Hur places little importance on Biden’s note to preserve a copy of the transcript.

“The two exchanged pleasantries and the Prime Minister heaped praise upon Mr. Biden for his December 9, 2015 speech to Ukraine’s parliament. They did not engage in a substantive policy discussion. There may be technical or nuanced reasons to maintain the classification of the call, but no reasonable jury could conclude the call or its contents were national defense information after the end of Obama administration, or that by asking for a transcript of the call Biden intended to retain national defense information,” Hur wrote.

“The evidence suggests that the marked classified documents found at the Penn Biden Center were sent and kept there by mistake.”

Still, Republicans have poked around the edges of the topic after their investigation into Biden took a major hit when the source of bribery allegations was arrested on charges related to lying about the matter to the FBI. 

In letters to Attorney General Merrick Garland, Republicans sought the two Ukraine-related documents authorities found, and they asked whether “Biden’s personal attorneys placed any limitations or scoping restrictions during the interviews with Special Counsel Hur.”

How prominent is Trump’s document case

While Hur testifies about the decision not to bring charges against Biden, former President Trump is facing charges in Florida over his handling of classified materials and his refusal to return them.

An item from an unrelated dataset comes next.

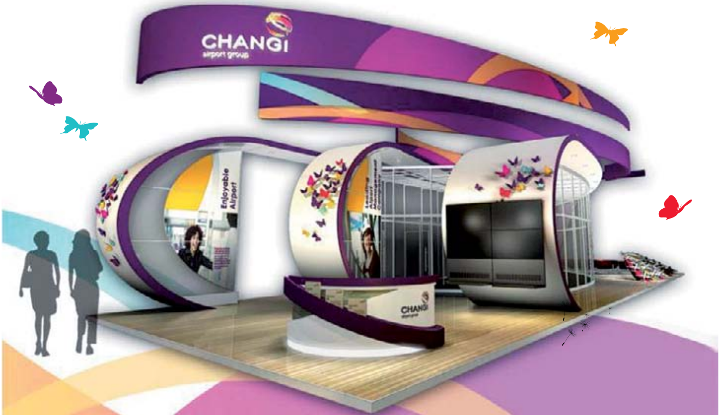
An artist's impression of CAG's booth at the Singapore Airshow 2010.

For the first time, Changi Airport Group (CAG) is participating at Singapore Airshow 2010, Asia's biggest aerospace and defence exhibition, and one of the world's top three aviation events. Occupying 208 sqm, the CAG booth features a walk-through garden featuring a variety of flowers and plants. In the glass enclosure, there will also be 200 to 300 butterflies of various species, providing visitors with an up-close experience, not unlike that provided by the Butterfly Garden at Changi's Terminal 3. Outside the garden, on-screen displays highlight new and popular features of Changi Airport, interesting facts about Changi's connectivity, the major attractions coming up in Singapore and a profile of CAG as a leading airport management company.

Hur’s report took pains to note some clear distinctions between Biden’s case and Trump’s case, in which he is facing 40 federal counts. 

The special counsel noted Trump allegedly refused to return classified documents despite being given multiple opportunities, while Biden’s team turned over the materials in question to the Department of Justice and National Archives upon their discovery and cooperated with the investigation.

“It is not our role to assess the criminal charges pending against Mr. Trump, but several material distinctions between Mr. Trump’s case and Mr. Biden’s are clear,” Hur wrote in his report.

Democrats in particular are likely to point those differences out and push back on the narrative from Trump and his allies that Biden’s handling of classified documents essentially negates the case against the former president.